> _Exercise prompt_
The listing below is to be given again in full and word for word, without its images.

*** Extracted material Section Begins ***

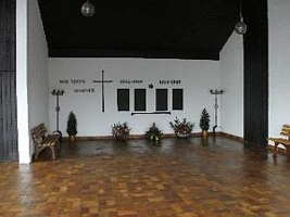 In der Aussegnungshalle sind ein Kreuz, Inschrift, Jahreszahlen sowie vier Namenstafeln an der Wand angebracht. Alle Teile sind aus Metall gefertigt.
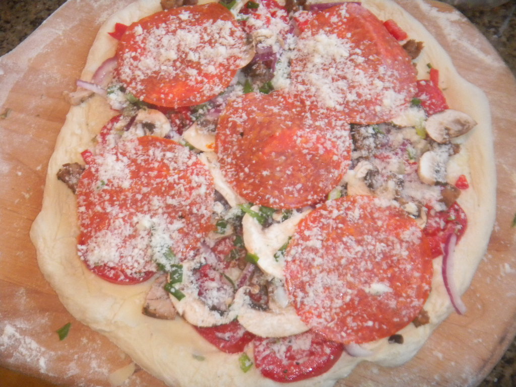 We haven’t made any pizza for a while around her for some reason.  It isn’t like we don’t like pizza but it is pretty messy when it comes right down to it – at least it is when Lucy and I make it at any rate!  Flour, semolina, corn meal everywhere, frying the Sausage, chopping all the toppings…..Yep I’m guilty and Lucy looks guilty.
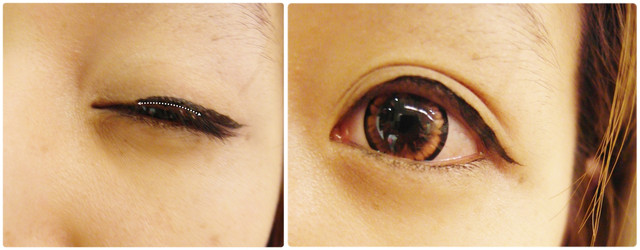 眼睛會比較大沒錯,但妝感比較重,既然是新手眼線我們就從 基本的 可愛的眼線畫起
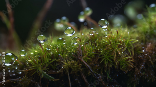 Wall mural hyper-realistic macro images featuring dewdrops on moss-covered surfaces. frame the composition to h - Wall murals Wall mural hyper-realistic macro images featuring dewdrops on moss-covered surfaces. frame the composition to h - Wall murals
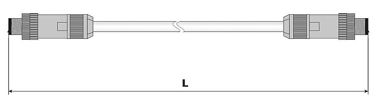 Stromversorgungskabel für Hexapoden, schleppkettentauglich, M12 m/f gerade, 7,5 m
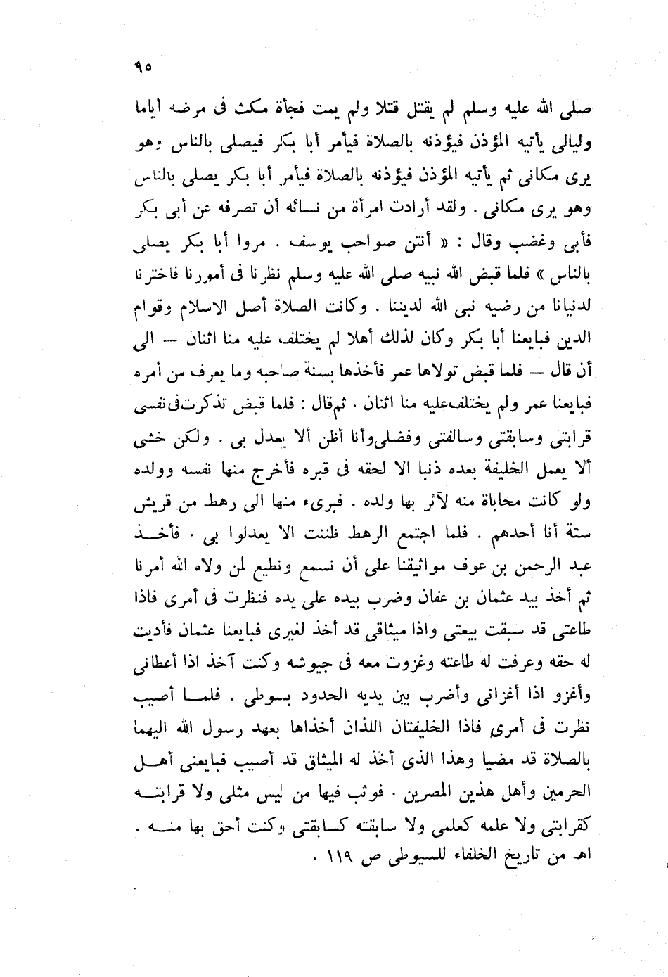 صلىالله عليه وسلم لم يقتل قتلا، ولم يمت فجأة مكث في مرضه أياما، وليالي يأتيه المؤذن، فيؤذنه بالصلاة، فيأمر أبا بكر فيصلي بالناس، وهو يرى مكاني ثم يأتيه المؤذن، فيؤذنه بالصلاة، فيأمر أبا بكر يصلي بالناس، وهو يرى مكاني. ولقد أرادت امرأة من نسائه، أن تصرفه عن أبي بكر فأبى وغضب وقال: "أنتن صواحب يوسف. مروا أبا بكر يصلي بالناس"، فلما قبض الله نبيه صلى الله عليه وسلم، نظرنا في أمورنا، فاخترنا لدنيانا من رضيه نبي الله لديننا. وكانت الصلاة أصل الإسلام، وقوام الدين فبايعنا أبا بكر، وكان لذلك أهلا لم يختلف عليه منا اثنان -إلى أن قال- فلما قبض تولاها عمر، فأخذها بسنة صاحبه وما يعرف من أمره فبايعنا عمر، ولم يختلف عليه منا اثنان. ثم قال: فلما قبض تذكرت في نفسي قرابتي، وسابقتي وسالفتي وفضلي، وأنا أظن ألا يعدل بي. ولكن خشي ألا يعمل الخليفة بعده ذنبا، إلا لحقه في قبره، فأخرج منها نفسه وولده، ولو كانت محاباة منه لآثر بها ولده. فبرئ منها إلى رهط من قريش ستة أنا أحدهم. فلما اجتمع الرهط ظننت ألا يعدلوا بي. فأخذ عبد الرحمن بن عوف مواثيقنا على أن نسمع، ونطيع لمن ولاه الله أمرنا، ثم أخذ بيد عثمان بن عفان، وضرب بيده على يده، فنظرت في أمري فإذا طاعتي قد سبقت بيعتي، وإذا ميثاقي قد أخذ لغيري، فبايعنا عثمان فأديت له حقه، وعرفت له طاعته، وغزوت معه في جيوشه، وكنت آخذ إذا أعطاني، وأغزو إذا أغزاني، وأضرب بين يديه الحدود بسوطي. فلما أصيب نظرت في أمري، فإذا الخليفتان اللذان أخذاها بعهد رسول الله إليهما بالصلاة قد مضيا، وهذا الذي أخذ له الميثاق قد أصيب فبايعين أهل الجرمين، وأهل هذين المصرين. فوثب فيها من ليس مثلي، ولا قرابته كقرابتي، ولا علمه كعلمي ولا سابقته كسابقتي، وكنت أحق بها منه.
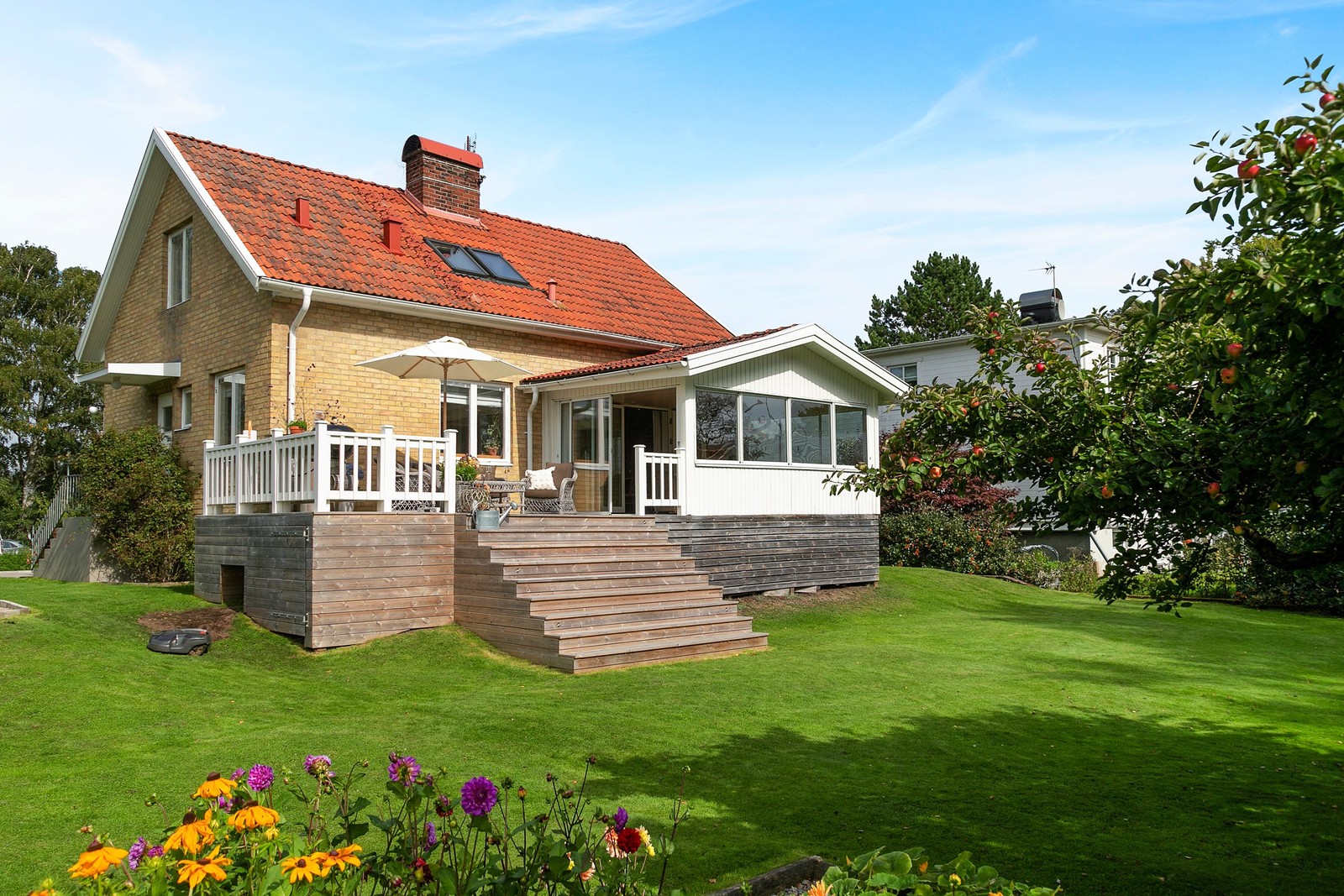 Charmigt 50-talshus på lugn återvändsgata, stor tomt, modern inredning och fantastisk uteplats i västerläge.
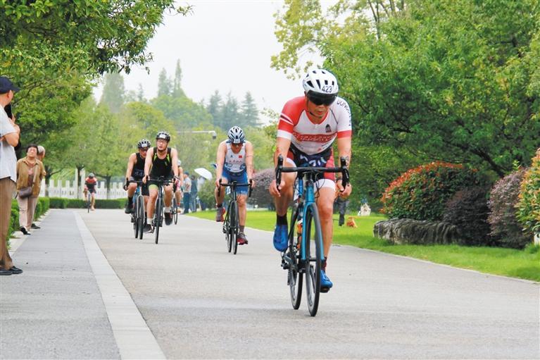 9月7日,由中国铁人三项运动协会指导、陕西省体育局主办的2025生态汉中铁人三项赛举行。来自15个省(区、市)的300余名运动员与俄罗斯、英国、黎巴嫩、南非等国家选手齐聚汉中,同场竞技。经过激烈角逐,16名选手分别斩获不同组别冠军。图为选手在进行自行车骑行项目比赛。 本报通讯员 何祥弘摄

*** Extracted material Section Ends ***

> _Output_
 In der Aussegnungshalle sind ein Kreuz, Inschrift, Jahreszahlen sowie vier Namenstafeln an der Wand angebracht. Alle Teile sind aus Metall gefertigt.
 We haven’t made any pizza for a while around her for some reason.  It isn’t like we don’t like pizza but it is pretty messy when it comes right down to it – at least it is when Lucy and I make it at any rate!  Flour, semolina, corn meal everywhere, frying the Sausage, chopping all the toppings…..Yep I’m guilty and Lucy looks guilty.
 眼睛會比較大沒錯,但妝感比較重,既然是新手眼線我們就從 基本的 可愛的眼線畫起
 Wall mural hyper-realistic macro images featuring dewdrops on moss-covered surfaces. frame the composition to h - Wall murals Wall mural hyper-realistic macro images featuring dewdrops on moss-covered surfaces. frame the composition to h - Wall murals
 Stromversorgungskabel für Hexapoden, schleppkettentauglich, M12 m/f gerade, 7,5 m
 صلىالله عليه وسلم لم يقتل قتلا، ولم يمت فجأة مكث في مرضه أياما، وليالي يأتيه المؤذن، فيؤذنه بالصلاة، فيأمر أبا بكر فيصلي بالناس، وهو يرى مكاني ثم يأتيه المؤذن، فيؤذنه بالصلاة، فيأمر أبا بكر يصلي بالناس، وهو يرى مكاني. ولقد أرادت امرأة من نسائه، أن تصرفه عن أبي بكر فأبى وغضب وقال: "أنتن صواحب يوسف. مروا أبا بكر يصلي بالناس"، فلما قبض الله نبيه صلى الله عليه وسلم، نظرنا في أمورنا، فاخترنا لدنيانا من رضيه نبي الله لديننا. وكانت الصلاة أصل الإسلام، وقوام الدين فبايعنا أبا بكر، وكان لذلك أهلا لم يختلف عليه منا اثنان -إلى أن قال- فلما قبض تولاها عمر، فأخذها بسنة صاحبه وما يعرف من أمره فبايعنا عمر، ولم يختلف عليه منا اثنان. ثم قال: فلما قبض تذكرت في نفسي قرابتي، وسابقتي وسالفتي وفضلي، وأنا أظن ألا يعدل بي. ولكن خشي ألا يعمل الخليفة بعده ذنبا، إلا لحقه في قبره، فأخرج منها نفسه وولده، ولو كانت محاباة منه لآثر بها ولده. فبرئ منها إلى رهط من قريش ستة أنا أحدهم. فلما اجتمع الرهط ظننت ألا يعدلوا بي. فأخذ عبد الرحمن بن عوف مواثيقنا على أن نسمع، ونطيع لمن ولاه الله أمرنا، ثم أخذ بيد عثمان بن عفان، وضرب بيده على يده، فنظرت في أمري فإذا طاعتي قد سبقت بيعتي، وإذا ميثاقي قد أخذ لغيري، فبايعنا عثمان فأديت له حقه، وعرفت له طاعته، وغزوت معه في جيوشه، وكنت آخذ إذا أعطاني، وأغزو إذا أغزاني، وأضرب بين يديه الحدود بسوطي. فلما أصيب نظرت في أمري، فإذا الخليفتان اللذان أخذاها بعهد رسول الله إليهما بالصلاة قد مضيا، وهذا الذي أخذ له الميثاق قد أصيب فبايعين أهل الجرمين، وأهل هذين المصرين. فوثب فيها من ليس مثلي، ولا قرابته كقرابتي، ولا علمه كعلمي ولا سابقته كسابقتي، وكنت أحق بها منه.
 Charmigt 50-talshus på lugn återvändsgata, stor tomt, modern inredning och fantastisk uteplats i västerläge.
 9月7日,由中国铁人三项运动协会指导、陕西省体育局主办的2025生态汉中铁人三项赛举行。来自15个省(区、市)的300余名运动员与俄罗斯、英国、黎巴嫩、南非等国家选手齐聚汉中,同场竞技。经过激烈角逐,16名选手分别斩获不同组别冠军。图为选手在进行自行车骑行项目比赛。 本报通讯员 何祥弘摄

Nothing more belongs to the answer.